Addis Ababa University


Sentence-based image description generation is a challenging task involving several open problems in the fields of Natural Language Processing and Computer Vision. To address this problem most of the previous efforts for this task rely on visual clues and corpus statistics. The generation approaches employ both concepts-to-text and text-to-text natural language generation methods, which generate image description by transferring text from descriptions of a similar image and generate a summary for a new image from retrieval related document but do not take much advantage of the semantic information inherent in the available image descriptions. Since these approaches have no capable of building novel descriptions. We focus on novel descriptions generation for unseen images.
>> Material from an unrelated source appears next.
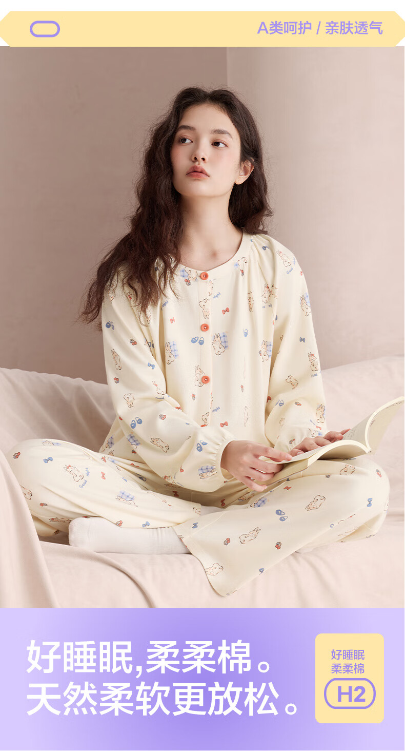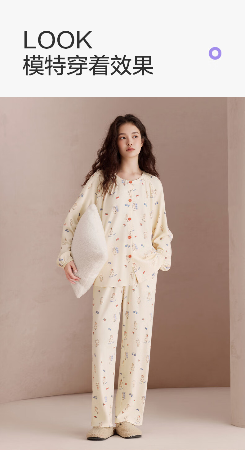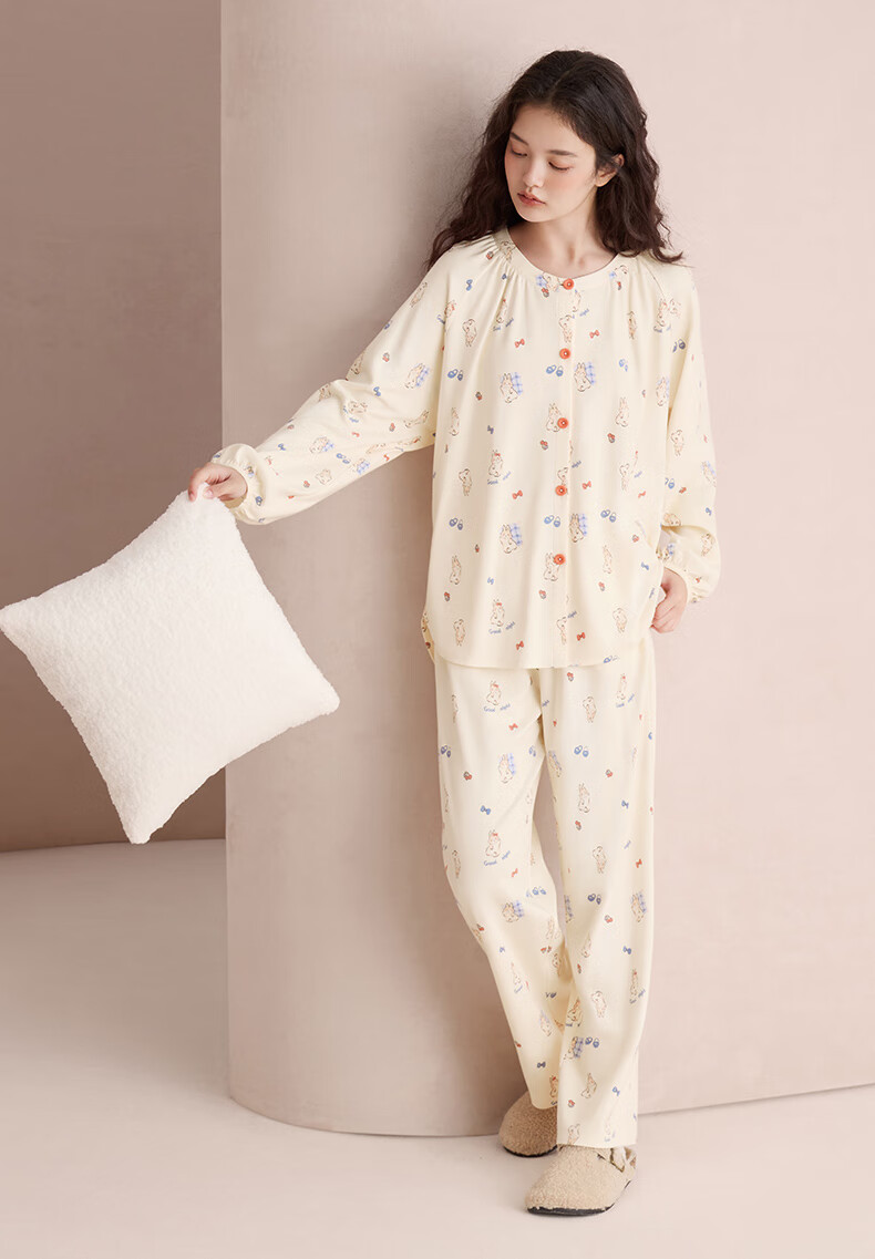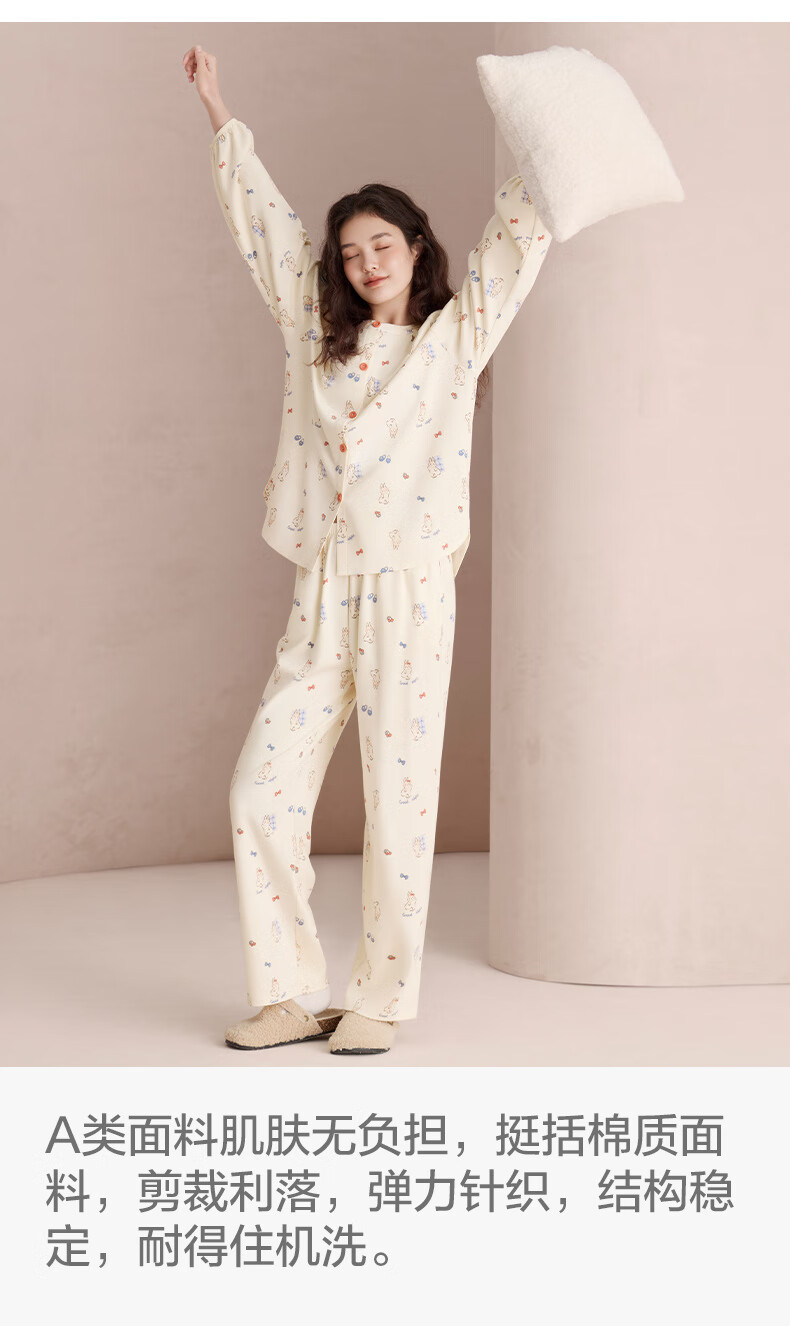 红豆(Hodo)【柔柔棉】纯棉睡衣女长袖可爱印花秋新款全棉透气外穿家居服套装 米色 L (165)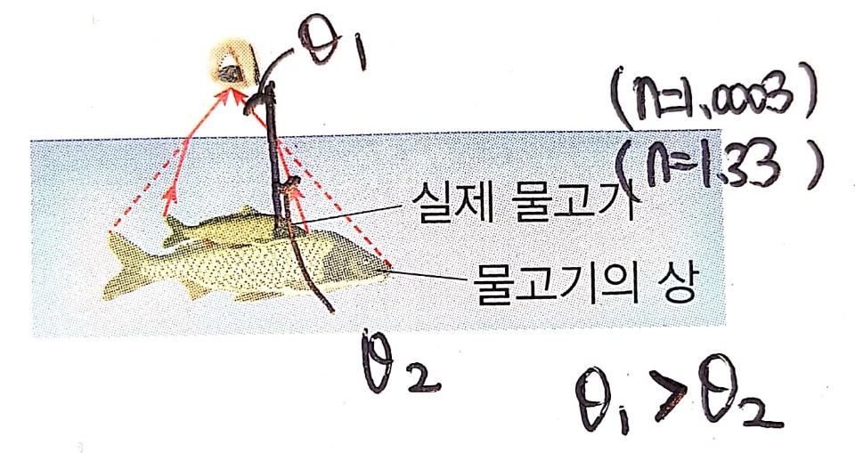 우리가 물체를 인식할 수 있는 이유는 물체에서 반사된 빛이 우리 눈으로 들어오기 때문이다. 실제 물고기에서 반사된 빛이 우리 눈으로 들어오는 과정에서 매질이 변화하므로 굴절한다. 이때 빛이 밀한 매질에서 소한 매질로 굴절하는 경우이므로 입사각보다 굴절각이 크다. 빨간 실선이 입사 광선과 굴절 광선을 나타낸다. 하지만 우리 눈은 빛이 점선 방향에서 온다고 생각한다. 감각기관은 빛이 직진해서 오는 것으로 인식하기 때문이다. 따라서 물가에 비친 물고기나 뼈다귀가 실제 크기보다 크게 보인다.

Here, we present a generic approach, which benefits from two sources visual data and available descriptions simultaneously. Our approach works on syntactically and linguistically motivated phrases extracted from the human descriptions. The proposed framework has three main components, which are called Image Engine, Search Engine, and Text Engine. Image Engine does feature extraction from training image dataset and provide to indexer sub-component, after indexation is completed visual word, construction is done by clustering local descriptor. Search Engine does feature extract from unseen image and compute similarity measure between image feature in the index and unseen image. The text engine does syntactically, and linguistically motivated phrases extracted from the textual descriptions and generate linguistic model. Then each image associate with linguistic model. Finally, text engine does assemble phrases into a grammatically correct sentence. Experimental evaluations demonstrate that our design mostly generates well-spoken and semantically correct descriptions. In order to validate the proposed approach, a Java-based prototype is developed. We used LIRe and Lucerne for low-level features extraction and indexation and for phrase extraction, we used Stanford core NLP and for sentence generation, we used SimpleNLG. Using relative metrics such as recall and precision measures were conducted using sample test images. The experimental result gives 60% recall and 75% precision.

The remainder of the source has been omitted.